Amazon.com, the world’s largest Internet retailer, went public at a $440 million valuation. Hard to believe, isn’t it? A company worth $90 billion today was worth just over $400 million when it went public in 1997. That skimpy valuation represented less than one times its forward 12 months of revenues, a multiple more closely associated with a corrugated cardboard manufacturer than the most important innovator in retailing in the past 100 years.

eBay went public at a $650 million valuation, representing less than three times its forward revenues. Amazingly, this valuation was considered adequate even though at the time of its IPO, eBay had already established itself as the pre-eminent auction site on the web. Go back to the earlier part of the 1990s, and it gets even more extreme. Cisco, the most important company in computer networking infrastructure, went public at $225 million, a valuation representing just over one time its annual revenues.

Remember, this was supposed to be a time when venture capital and entrepreneurship was highly rewarded. It turns out, until very recently, public investors, those who waited until the hard work was done and the upside was evident, were the ones who earned the greatest returns. Nice work if you can find it.

We have now entered a new era, a marvelous era, in fact, for those brave enough to start a company and bold enough to build a global business. This new era, what I call the “real golden age” for company builders and private investors, allows for enormous value creation before a company even goes public.

Google was the catalyst for this change. When it went public in 2004 at a $40 billion market cap, many thought the Internet bubble had returned. Something had changed, but it wasn’t a new bubble mindset. It was the understanding that some companies were now able to create value far faster than was possible before. Those investors who thought Google was overvalued at $40 billion soon learned that, in fact, it was dramatically undervalued. In 2010, Google earned nearly $19 billion in gross profit and almost $12 billion in operating profit!

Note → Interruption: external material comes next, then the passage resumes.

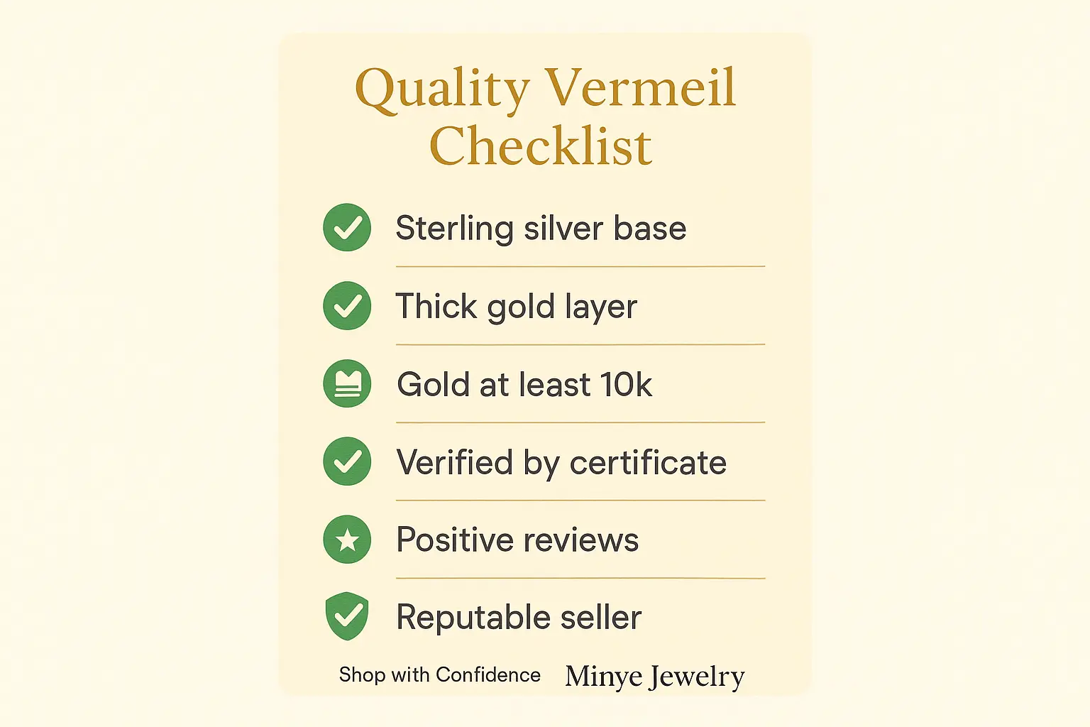 Prices dramatically below market averages warrant skepticism. While vermeil costs less than solid gold, it shouldn’t be dirt cheap. Extremely low prices often indicate corners cut somewhere—thinner plating, lower karat gold, or non-silver base metals.

Of course, if investors had known that when Google went public, they would gladly have bought the shares at the $40 billion valuation. Then again, some investors gladly did. So what happened in the span of six or seven years that caused public investors to go from valuing Amazon or eBay at a few hundred million dollars to valuing Google at $40 billion? I believe three permanent changes occurred during that time period that allowed heretofore unprecedented valuations to take hold.

First, the proliferation of Internet access. When my partners and I launched our consumer Internet fund – idealab Capital Partners – in 1997, we already thought of the Internet as a mainstream phenomenon. How wrong we were. Consider that, even by the year 2000, only one-third of the U.S. population had Internet access. Today, nearly every US household has Internet access, many with a high-speed broadband connection. The growth rate in China makes the U.S. figure look downright sluggish. China has gone from about 20 million Internet users in 2000 to close to 500 million today.

These extraordinary growth rates in Internet adoption were not fully reflected in company valuations in the last tech cycle. Now they are, and investors are giving businesses like Facebook,Zynga and others the benefit of the doubt that they will capitalize on the value created by far higher global Internet penetration rates.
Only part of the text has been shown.